TASK DETAILS
Could you write out, exactly as they stand, only the lines in the listing below from the line with "ATUALIZAÇÃO: O narrador" to the line with "- Bottle, Flint", both ends included, without the pictures?

DATA EXTRACT
━━━

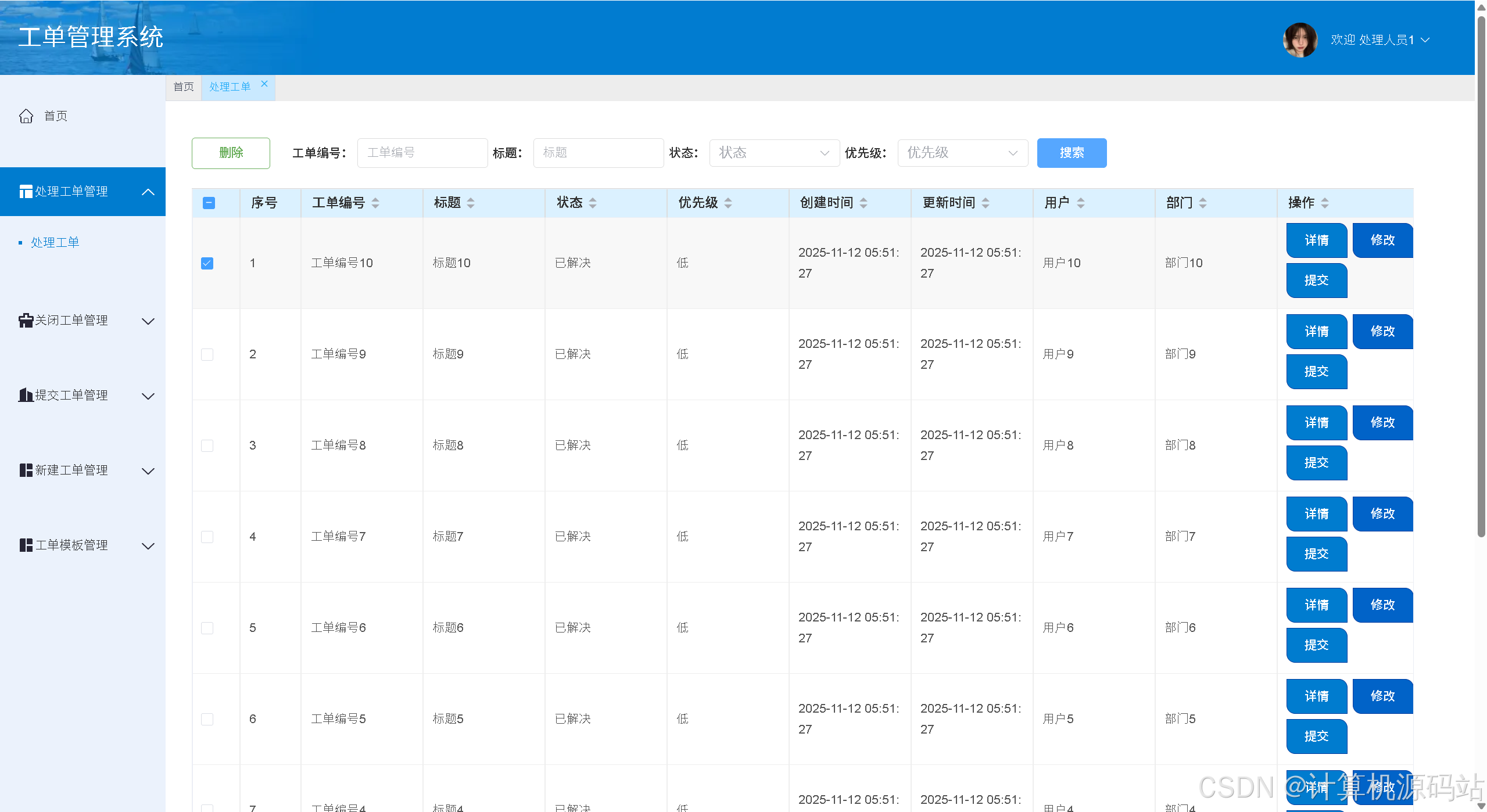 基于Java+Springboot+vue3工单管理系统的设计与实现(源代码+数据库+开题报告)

━━━

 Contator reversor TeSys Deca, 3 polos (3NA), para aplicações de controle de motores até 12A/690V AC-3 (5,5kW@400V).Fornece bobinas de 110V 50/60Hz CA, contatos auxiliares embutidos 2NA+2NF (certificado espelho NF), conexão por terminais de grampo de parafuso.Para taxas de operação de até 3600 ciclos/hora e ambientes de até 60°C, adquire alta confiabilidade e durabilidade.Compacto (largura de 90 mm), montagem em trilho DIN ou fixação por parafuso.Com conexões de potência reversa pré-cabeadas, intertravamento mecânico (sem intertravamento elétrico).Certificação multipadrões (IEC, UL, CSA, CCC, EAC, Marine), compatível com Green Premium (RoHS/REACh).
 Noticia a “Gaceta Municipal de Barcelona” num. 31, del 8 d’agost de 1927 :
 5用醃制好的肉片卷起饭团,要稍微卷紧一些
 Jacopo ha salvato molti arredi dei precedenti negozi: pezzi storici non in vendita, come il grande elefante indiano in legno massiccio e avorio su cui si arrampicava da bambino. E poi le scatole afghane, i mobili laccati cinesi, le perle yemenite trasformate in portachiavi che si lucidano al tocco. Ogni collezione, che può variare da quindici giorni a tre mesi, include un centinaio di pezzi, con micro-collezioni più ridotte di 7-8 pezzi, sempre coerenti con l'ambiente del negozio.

━━━

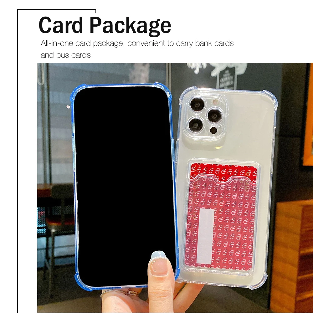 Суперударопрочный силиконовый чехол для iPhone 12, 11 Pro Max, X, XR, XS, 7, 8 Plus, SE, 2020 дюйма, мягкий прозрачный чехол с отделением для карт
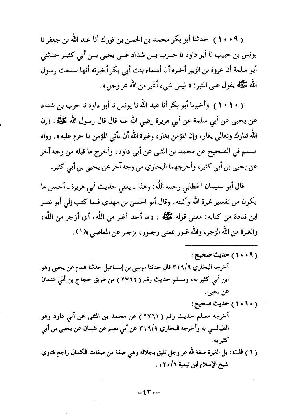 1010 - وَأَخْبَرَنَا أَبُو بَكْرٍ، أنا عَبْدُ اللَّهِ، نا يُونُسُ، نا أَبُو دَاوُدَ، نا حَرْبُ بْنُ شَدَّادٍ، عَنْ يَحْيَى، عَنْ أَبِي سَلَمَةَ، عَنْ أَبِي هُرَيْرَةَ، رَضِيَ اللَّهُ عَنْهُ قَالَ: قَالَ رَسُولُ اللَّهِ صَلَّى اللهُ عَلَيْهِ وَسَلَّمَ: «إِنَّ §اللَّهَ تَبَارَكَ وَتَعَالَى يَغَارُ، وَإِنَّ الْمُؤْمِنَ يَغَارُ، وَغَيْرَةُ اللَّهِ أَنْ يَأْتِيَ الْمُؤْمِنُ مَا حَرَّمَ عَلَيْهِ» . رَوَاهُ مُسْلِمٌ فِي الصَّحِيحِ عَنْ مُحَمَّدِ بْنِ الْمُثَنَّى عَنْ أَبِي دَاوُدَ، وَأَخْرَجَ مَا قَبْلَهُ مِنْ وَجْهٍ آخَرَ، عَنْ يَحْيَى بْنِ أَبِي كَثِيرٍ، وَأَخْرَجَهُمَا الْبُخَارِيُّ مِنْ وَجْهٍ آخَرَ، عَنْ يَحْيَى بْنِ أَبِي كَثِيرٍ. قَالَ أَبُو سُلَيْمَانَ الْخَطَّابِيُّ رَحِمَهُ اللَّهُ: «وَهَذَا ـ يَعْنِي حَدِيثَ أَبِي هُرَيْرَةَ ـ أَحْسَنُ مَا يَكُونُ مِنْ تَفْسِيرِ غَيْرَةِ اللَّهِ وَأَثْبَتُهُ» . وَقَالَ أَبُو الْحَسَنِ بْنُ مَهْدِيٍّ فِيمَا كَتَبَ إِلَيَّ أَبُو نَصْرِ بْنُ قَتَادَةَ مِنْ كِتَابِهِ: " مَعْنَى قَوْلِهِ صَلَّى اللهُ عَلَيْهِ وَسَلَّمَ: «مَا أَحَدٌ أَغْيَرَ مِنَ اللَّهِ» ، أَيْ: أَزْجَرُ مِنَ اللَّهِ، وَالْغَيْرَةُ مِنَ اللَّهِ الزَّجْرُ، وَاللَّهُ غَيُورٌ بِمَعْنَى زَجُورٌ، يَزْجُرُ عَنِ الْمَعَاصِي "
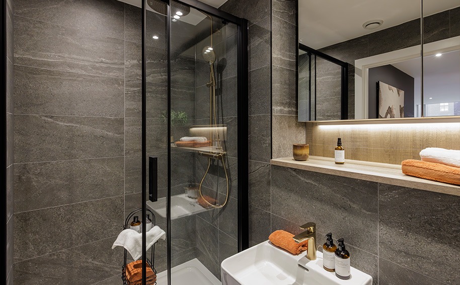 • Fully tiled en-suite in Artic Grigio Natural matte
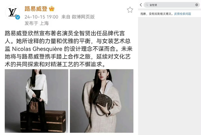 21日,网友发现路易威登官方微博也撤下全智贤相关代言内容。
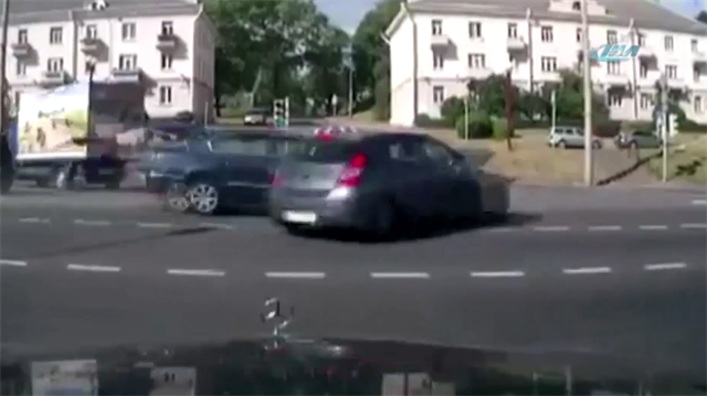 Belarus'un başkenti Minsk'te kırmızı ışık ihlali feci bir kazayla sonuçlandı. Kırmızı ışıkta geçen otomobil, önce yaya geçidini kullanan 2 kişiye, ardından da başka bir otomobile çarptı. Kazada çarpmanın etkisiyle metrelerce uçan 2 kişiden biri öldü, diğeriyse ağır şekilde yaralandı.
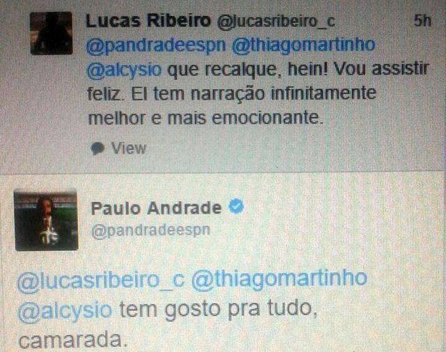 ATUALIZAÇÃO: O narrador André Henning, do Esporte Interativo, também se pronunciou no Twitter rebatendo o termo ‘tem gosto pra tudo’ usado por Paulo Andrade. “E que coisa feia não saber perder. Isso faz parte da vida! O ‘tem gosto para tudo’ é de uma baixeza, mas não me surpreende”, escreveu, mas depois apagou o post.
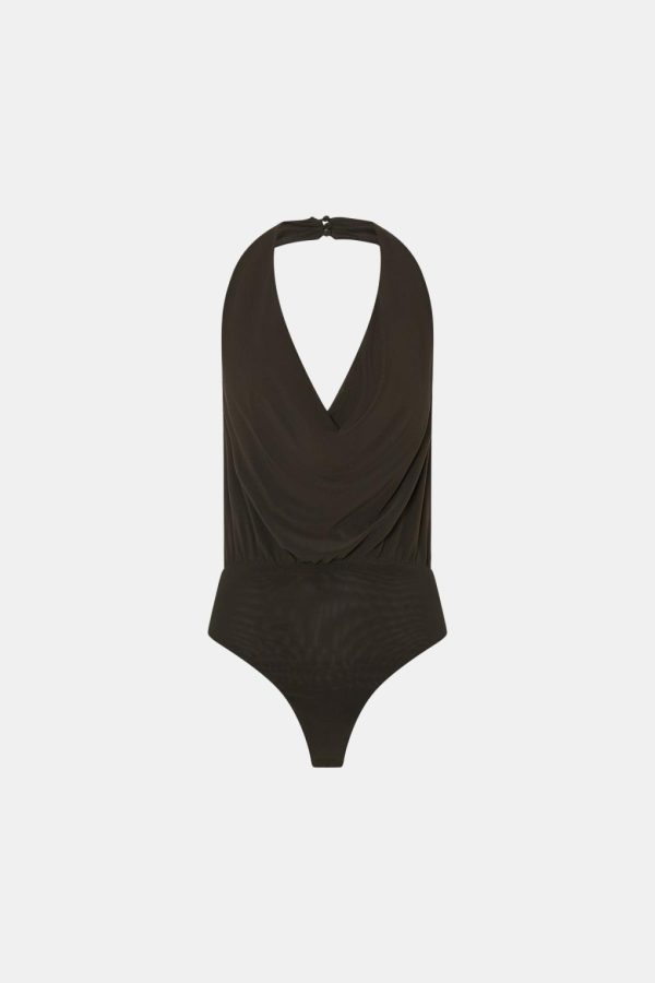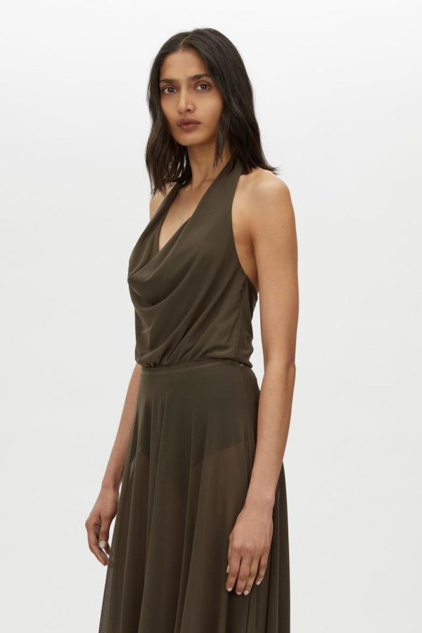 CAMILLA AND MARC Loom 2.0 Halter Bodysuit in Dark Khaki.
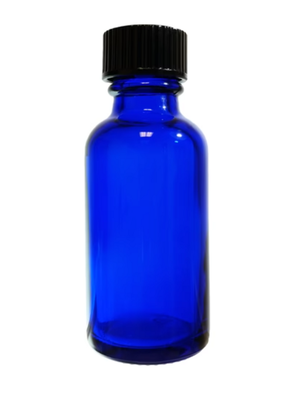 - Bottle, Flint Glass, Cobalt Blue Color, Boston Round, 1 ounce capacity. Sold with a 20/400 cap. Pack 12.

━━━

SOLUTION FOR THIS EXERCISE
 ATUALIZAÇÃO: O narrador André Henning, do Esporte Interativo, também se pronunciou no Twitter rebatendo o termo ‘tem gosto pra tudo’ usado por Paulo Andrade. “E que coisa feia não saber perder. Isso faz parte da vida! O ‘tem gosto para tudo’ é de uma baixeza, mas não me surpreende”, escreveu, mas depois apagou o post.
 CAMILLA AND MARC Loom 2.0 Halter Bodysuit in Dark Khaki.
 - Bottle, Flint Glass, Cobalt Blue Color, Boston Round, 1 ounce capacity. Sold with a 20/400 cap. Pack 12.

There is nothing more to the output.